Work request >>
Your answer should hold only the lines from the one with "Поздравляем ТБМ Воронеж с 20-летием!" through the end of the records, repeated exactly and minus any pictures.

Supplied material >>
• • • • •

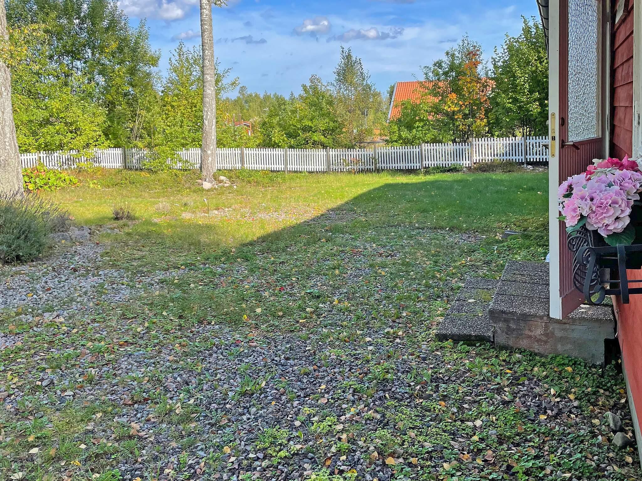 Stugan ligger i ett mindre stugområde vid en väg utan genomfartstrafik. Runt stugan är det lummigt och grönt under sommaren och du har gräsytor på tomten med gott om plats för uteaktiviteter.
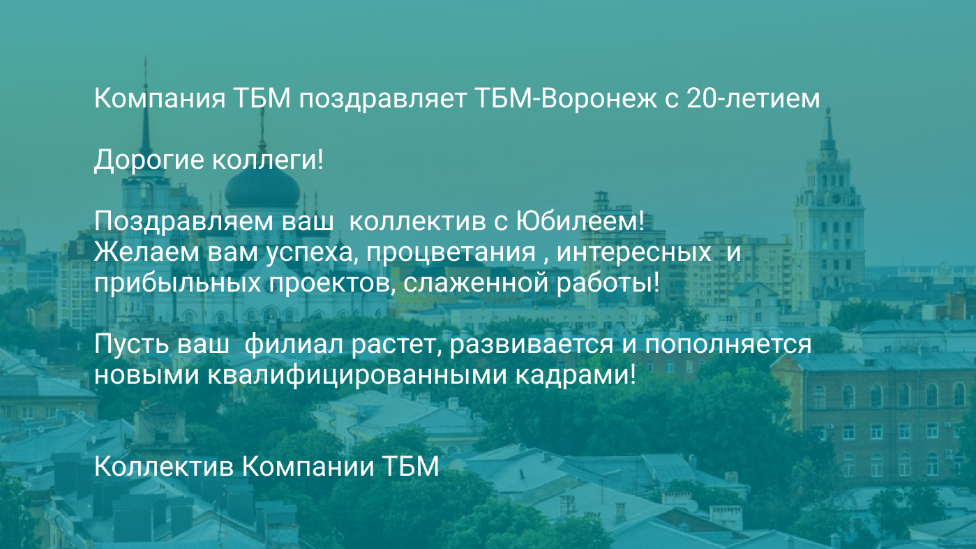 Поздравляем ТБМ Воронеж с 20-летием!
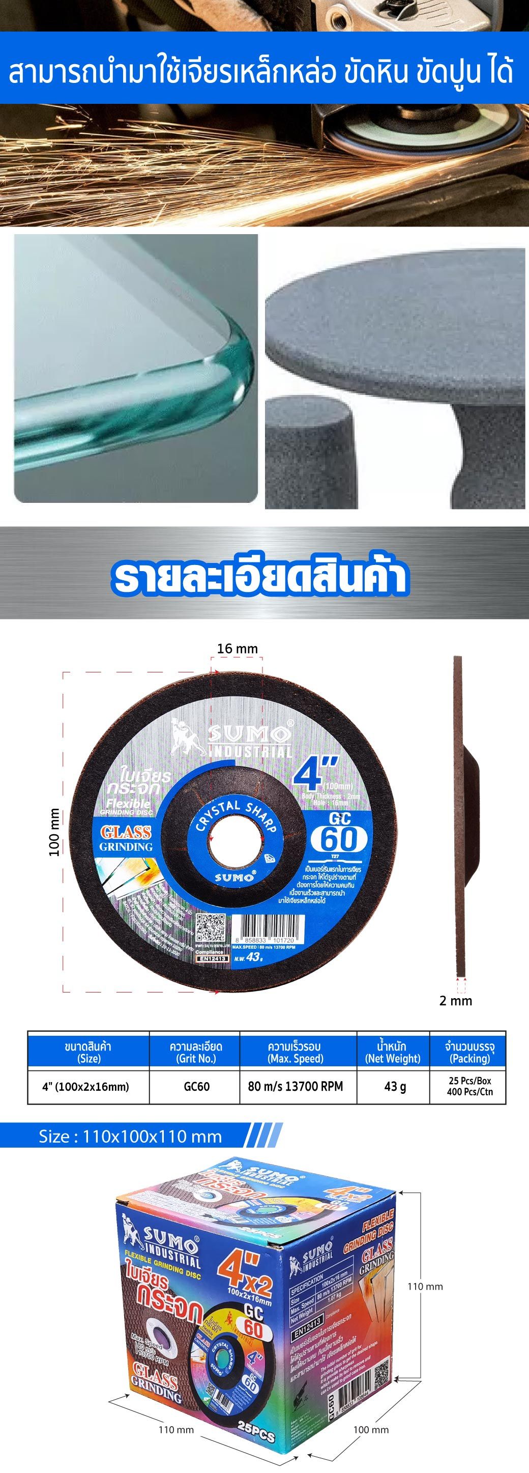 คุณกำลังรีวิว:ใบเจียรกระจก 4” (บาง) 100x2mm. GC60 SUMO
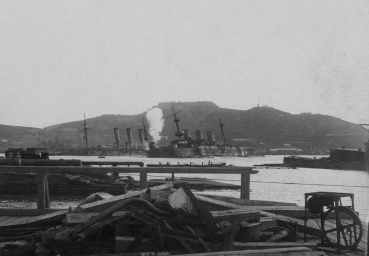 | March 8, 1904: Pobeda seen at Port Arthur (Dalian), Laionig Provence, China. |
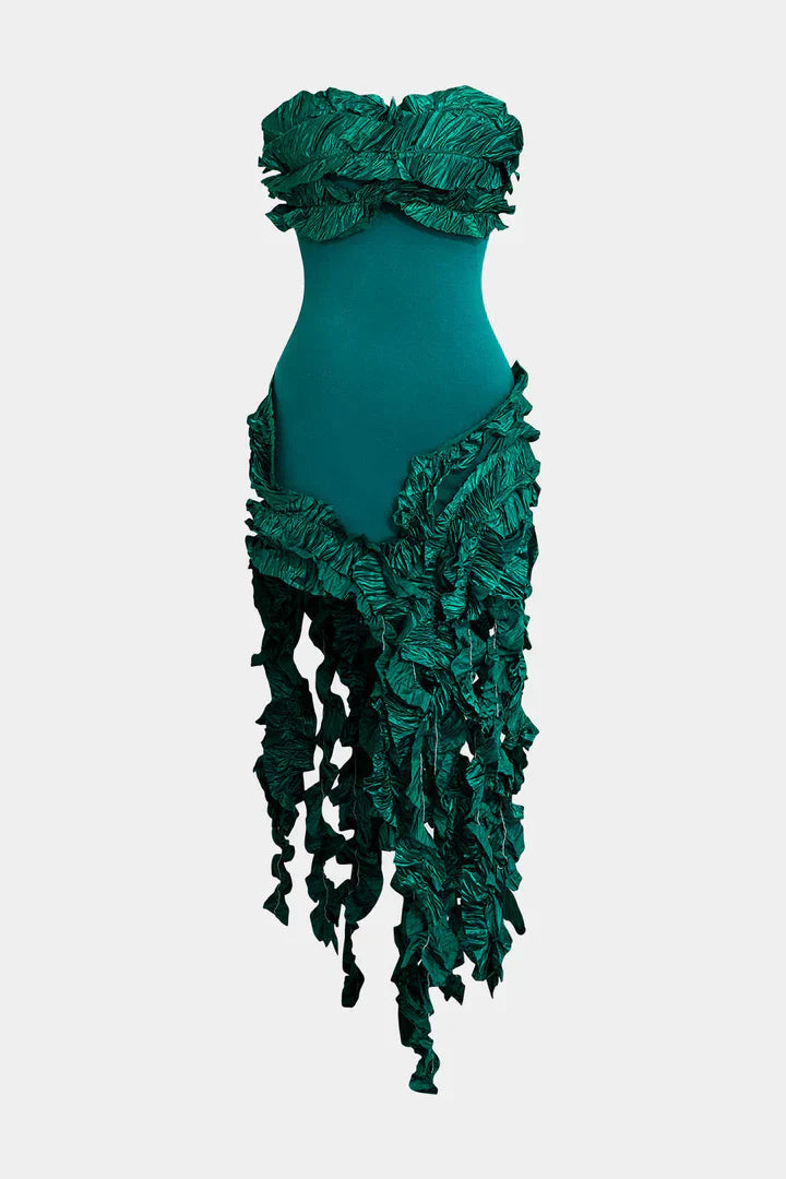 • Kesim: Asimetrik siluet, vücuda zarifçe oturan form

• • • • •

Solution to this problem >>
 Поздравляем ТБМ Воронеж с 20-летием!
 คุณกำลังรีวิว:ใบเจียรกระจก 4” (บาง) 100x2mm. GC60 SUMO
 | March 8, 1904: Pobeda seen at Port Arthur (Dalian), Laionig Provence, China. |
 • Kesim: Asimetrik siluet, vücuda zarifçe oturan form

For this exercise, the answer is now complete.